There are times in life when you may find yourself stumped. You didn’t get the job promotion you had been waiting for, or something that you are proud of gets ridiculed by someone else, and you end up falling out with your best friend. The solution to these everyday life challenges can be found in your local bookstore in the form of a literature therapist that is completely focused on making you feel good, offering you new ways of thinking that you may not come up with on your own. As humans, no one of us is the same when it comes to our thought patterns: you may be insecure about your height and someone else may be insecure about their third toe. One of the most joyous elements of self-help books is how they acknowledge the diversity and difference of human thought. If you want to be successful, then Dr Julie Smith’s Why Has Nobody Told Me This Before? is the one for you; if you are struggling with loneliness then How to Be Alone by Lane Moore is right up your street. Let’s be real here, therapy is expensive, but finding a book that relates to how your brain works entirely can be a much cheaper alternative and can be started and put down whenever you feel like it.

The self-help market boomed during the pandemic as individuals became prisoners of their own mind due to an influx of newfound free time.
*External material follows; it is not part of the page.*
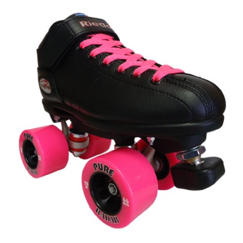 Riedell R3 Pure Outdoor Roller Derby Skates - Black Boots with Pink Outdoor 78A Radar Pure Wheels and Pink Laces - Check out the brand new awesome outdoor roller skate setup from Riedell skates. The Riedell R3 Pure speed skate offers the most popular roller skate on the market today and pairs that with some of the most trusted Radar outdoor wheels available today - the Radar Pure 78A outdoor wheels! Radar Pure wheels are super popular and offer great rolling action outdoors! Whether you are looking for the perfect recreational outdoor roller skate or you are an outdoor roller derby player in need of the perfect pair of outdoor roller derby skates, the Riedell R3 Pure has everything you need and more than you would expect in an outdoor speed skate so grab yours now before this package is gone! -Speed Skates Are InMen's Sizes(Ladies Go Down One Size) For Example: Ladies Shoe Size 8 = Mens Skate Size 7 / Below Size 5 Are Kids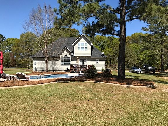 Two story home on 5 acres of land with master bedroom on the first floor and 2 bedrooms on the second floor along with a finished bonus room above the garage. Office area near laundry room with half bath. Custom cabinets in the kitchen, master bathroom, upstairs bathroom, entertainment center, and gas fireplace mantel. Laminate floors on 1st floor throughout with tile in the master bath and upstairs bath. Master bath has garden tub and glass enclosed shower, his and hers sinks, walk in closet, and separate powder room. 1st floor has full kitchen with custom island and granite counter tops. Living room is open to the kitchen and breakfast nook with separate dining room/2nd office area. Attached two car garage concrete parking for two cars outside, and a separate 24ft x 30ft shop/garage with a 12ft x 24ft covered area on the back of the shop with 100amp service fully wired and lighted with a built in work bench. On the outside there is room to park an RV and the shop has a 50amp plug to power RV. The back of the shop is lighted and has 110 volt outlets and lighting. Covered front porch and a deck in the back that connects to an 18ft x 24ft in-ground "Mountain Pond" style pool. Roof shingles were replaced in 2019 and both the house and shop have architectural shingles. The house has two full sized doors to access attic space on the second floor. The shop in the back has 34 solar panels that feed the house and were installed when Georgia Power allowed the full buy back of any excess power produced at 100% making the home environmentally friendly. Panels can be sold with or without the house. House sits on a quiet country road but only 4 1/2 miles from the town of Claxton, Ga and only 20 miles from the town of Statesboro Ga where Georgia Southern University and Ogeechee Technical College are located. Only 50 miles from Savannah, Ga.

Yet over time, as we escaped the socially distanced safety of our homes, we left our self-help books in the corners of our rooms, their reassuring words and healing properties left to gather dust just like their impact within our minds. By just touching the glossy and eye-catching covers of therapeutic reads in Waterstones we will not be immediately transformed into a constant state of peace. When wanting to help yourself, you need to dedicate time and energy to these mindfulness manuals, otherwise you will just end up having a book that looks nice laying around until you stumble across it again one day and say to yourself ‘I must get round to reading this sometime!’. Unlike a normal book, self-help books turn the readers into the active characters - essentially, you are the main character in every self-help book. Therefore, this means that they require thorough reflection and thought and cannot be expected to just be read and for you to be transformed – the self-help book is the Mrs High Maintenance of the literature world after all, and she demands your full time and energy.

It is estimated that one in eight young people will experience a mental health problem of some kind each year in the United Kingdom, and when helping individuals who are suffering, doctors and therapists are now recommending bibliotherapy and therapy through the reading of self-help books and words. This has been found to alleviate stress, relax the body and clear the mind. Finding yourself at your wits end and turning to a paperback in the name of quelling your wild and untamed insecurities is getting increasingly more popular as more and more people want to know why their brains are working in certain ways and how they can turn this around. Written by doctors, therapists and scientists for the perfectionist, the over-thinker, the imposter syndrome victim, these books set up a relationship through words and provide professional advice and strategies. When experiencing the everyday stresses of society today, go to your nearest book shop and walk yourself to the self-help section: here you may find a therapist for life deep within the pages of a book that was waiting for you the entire time.